AVAILABLE DATA:
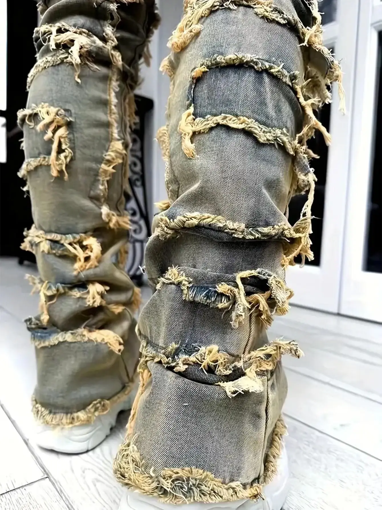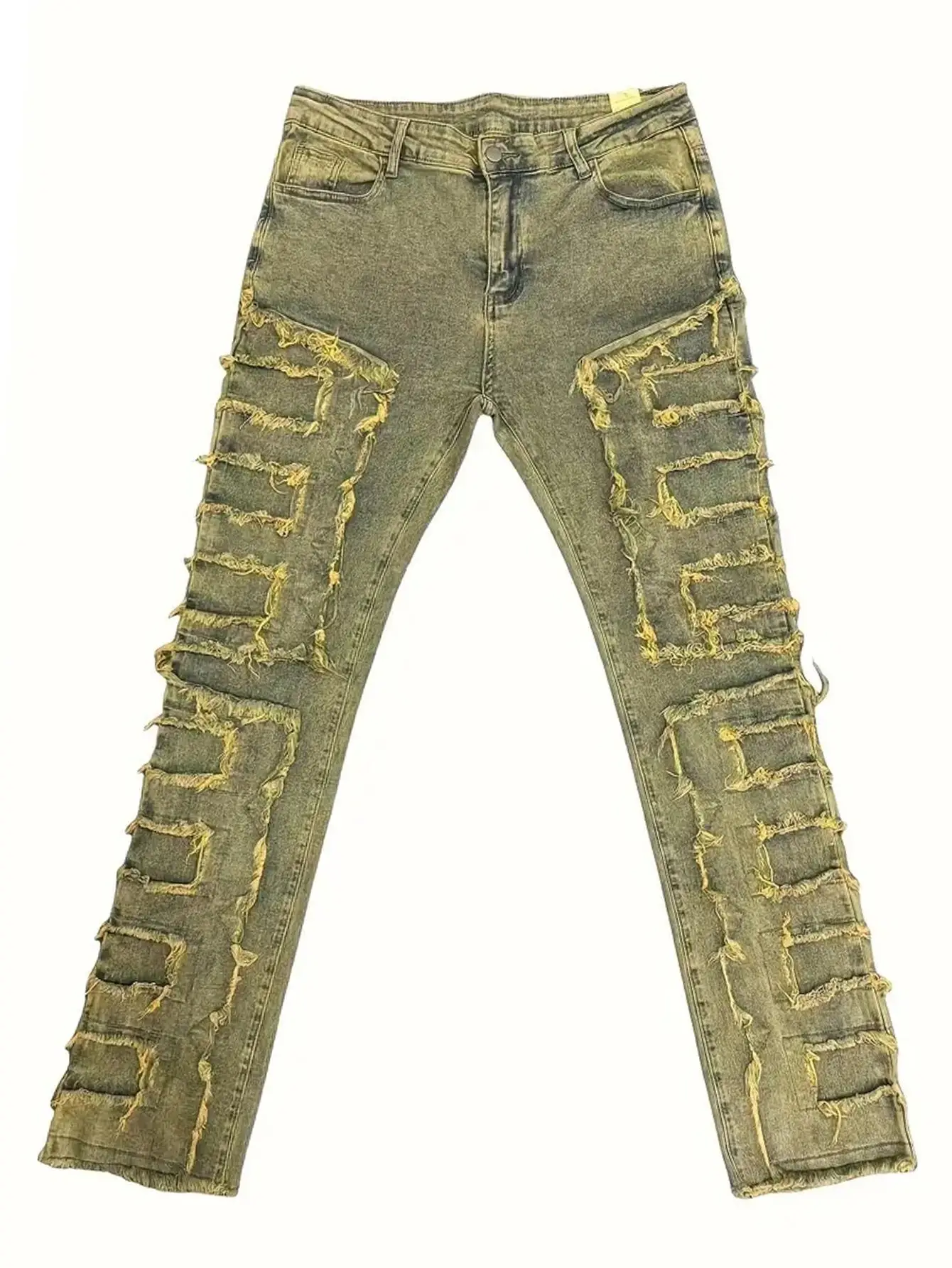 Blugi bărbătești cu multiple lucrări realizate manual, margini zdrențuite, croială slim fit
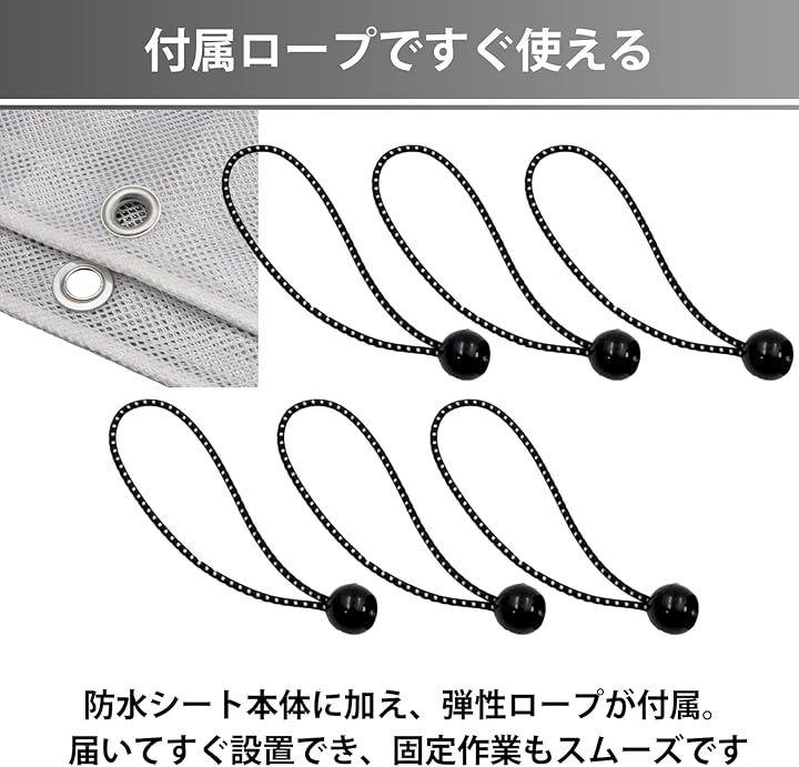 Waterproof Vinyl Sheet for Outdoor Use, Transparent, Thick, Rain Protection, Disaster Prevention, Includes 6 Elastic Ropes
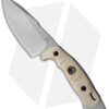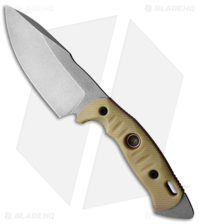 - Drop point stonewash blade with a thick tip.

THE PROBLEM: Going from the line holding "Waterproof Vinyl Sheet" to the last line of the data above, reproduce every line exactly, both included, with the pictures omitted.

ANSWER SECTION:
 Waterproof Vinyl Sheet for Outdoor Use, Transparent, Thick, Rain Protection, Disaster Prevention, Includes 6 Elastic Ropes
 - Drop point stonewash blade with a thick tip.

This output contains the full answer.